Basically, every single drawing we do throughout this course is technically an exercise - including the constructional drawings, which are less about drawing a particular thing, and more about the 3D spatial puzzle we're forced to solve in the process. When it comes to the warmups, we definitely want students doing regular rotations of the exercises they encountered throughout Lessons 1 and 2, the challenges, as well as the exercises we encounter here for the leaves and branches.

In terms of the actual constructional drawing exercises that involve actually constructing something based on one or more reference images, we certainly are open to students including that kind of thing into their regular workflow, but because the warmups are generally framed as two or three exercises chosen at random to do for 10-15 minutes, there's definitely a time aspect to it. It is of course fine for students to allocate additional time if the particular task demands it, but we also encourage students to look at spreading an exercise across multiple sittings, or in the case of the rotated boxes, doing just one quadrant instead of all four.

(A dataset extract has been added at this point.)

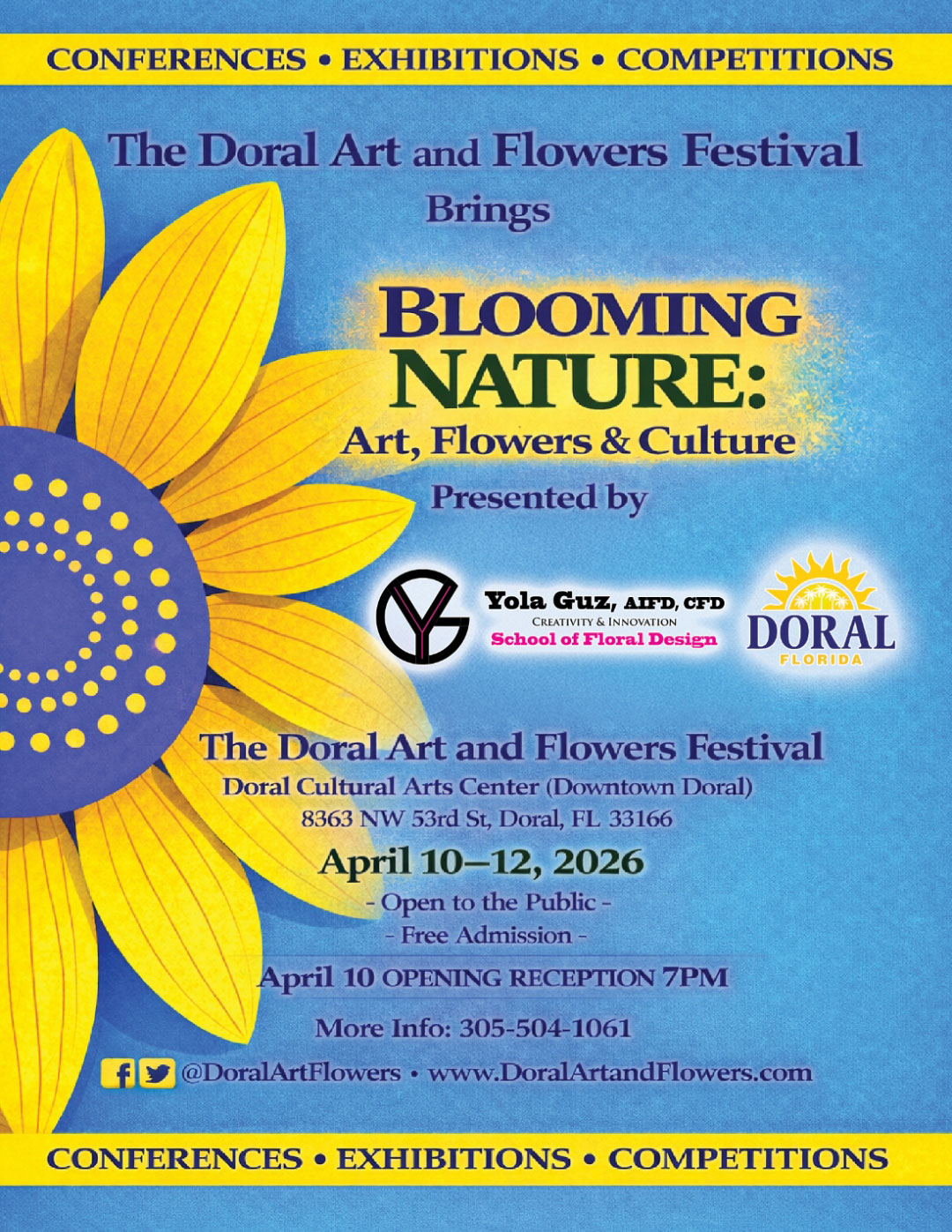 Doral Cultural Arts Center (Downtown Doral) 8363 NW 53rd St, Doral, FL 33166 For more information www.doralartandflowers.com

Warmups serve two purposes - they're to help us loosen up and get in the right frame of mind to embark on the next step in the course itself, and they're there to help us continue refining and developing our skills. The 10-15 minute aspect leans towards the former priority, and makes it more difficult to also include the constructional drawing exercises as part of that.

So instead, I leave it vague. Students certainly can continue exploring the kinds of constructions they've tackled in previous lessons, but doing so as part of the 10-15 minute warmups probably isn't the best spot to do it. Rather, you may want to set aside a session here and there to do a constructional drawing of a random type - but ultimately how you go about it is up to you.